Using serverless + GraphQL to maximize efficiency for a product with inconsistent traffic patterns.
This tutorial was written by Himshwet Gaurav and published as part of the Hasura Technical Writer Program - an initiative that supports authors who write guides and tutorials for the open source Hasura GraphQL Engine.
This post summarizes the issues we faced and how Hasura helped us resolve those issues while developing our graphql API using the serverless framework with AWS Lambda.
Our product is a niche CRM tool catering to a specific group of professionals. At its peak usage, the system is expected to receive 200 requests/sec while remaining idle for most of the time. Based on the inconsistent traffic pattern and to keep the server management tasks to a minimum we decided to go with serverless framework. We chose GraphQL over REST as it better fit our data schema.
Our team was using GraphQL and AWS Lambda for the first time. While these technologies fit our bill of requirements we were not thorough with our research of their shortcomings and constraints imposed by them on the overall system architecture.
Issues with GraphQL
GraphQL is a good solution if you have to expose nested and interconnected resources through your API. It offers the front-end and mobile developers flexibility in terms of querying, saves them the task of stitching together data from multiple API calls and hence also reduces the number of calls made to the backend.
The above benefits however, come at a cost. The task of stitching together data from multiple calls is essentially offloaded to the backend developers.
Complex SQL queries
We were relying on KnexJS and ObjectionJS for interacting with our Postgres database. The complexity of the code that generated the sql queries increased with every argument or field we added in our graphql query schema to offer more flexibility to our API consumers.
One can argue that the complexity would have been similar had we chosen to build a REST API but if you truly want to harness the full power of graphql api, you definitely have to level up your SQL skills.
N+1 query problem
When dealing with nested resources in a single graphql query we discovered that we had created a huge collection of N+1 query issues. Though we were satisfied in terms of the functionality we offered through our API we had no clue how to solve all the N+1 query issues hidden in our resolver functions.
Dataloader was the solution that popped up frequently in our searches and had we not discovered Hasura we would have gone with it.
Issues with AWS Lambda
Most examples showcasing AWS Lambda or serverless framework use DynamoDB as the data store. We ruled out DynamoDB as AWS relational database service (RDS) PostgreSQL was a better fit for our data schema. We had no clue the nightmare we were walking into by choosing AWS RDS and AWS Lambda to build our graphql backend.

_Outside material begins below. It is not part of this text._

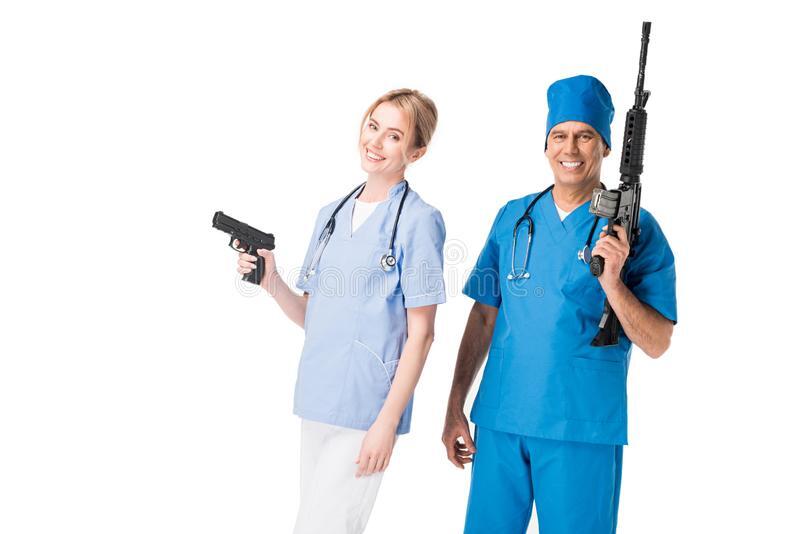 Мой муж работает на скорой. Ружья, правда, нет, а вот, под сиденьем монтировочка имеется, на всякий плжарный. Кат-то приехали на вызов к, мягко говоря, неадекватному пациенту. Не дождавшись полицейских, направились в квартиру, а оттуда амбал с топором... Еле ноги унесли, и тут подоспела полиция.

No database connection pooling
Database connection pooling does not exist in the land of AWS Lambda. Lambda is essentially a stateless function running inside a container managed for you by some AWS magic. As a developer we do not have any control over the lifecycle of the container in which our Lambda function runs. There is no straightforward way to keep the database connections alive once this container is either destroyed or frozen in between subsequent requests.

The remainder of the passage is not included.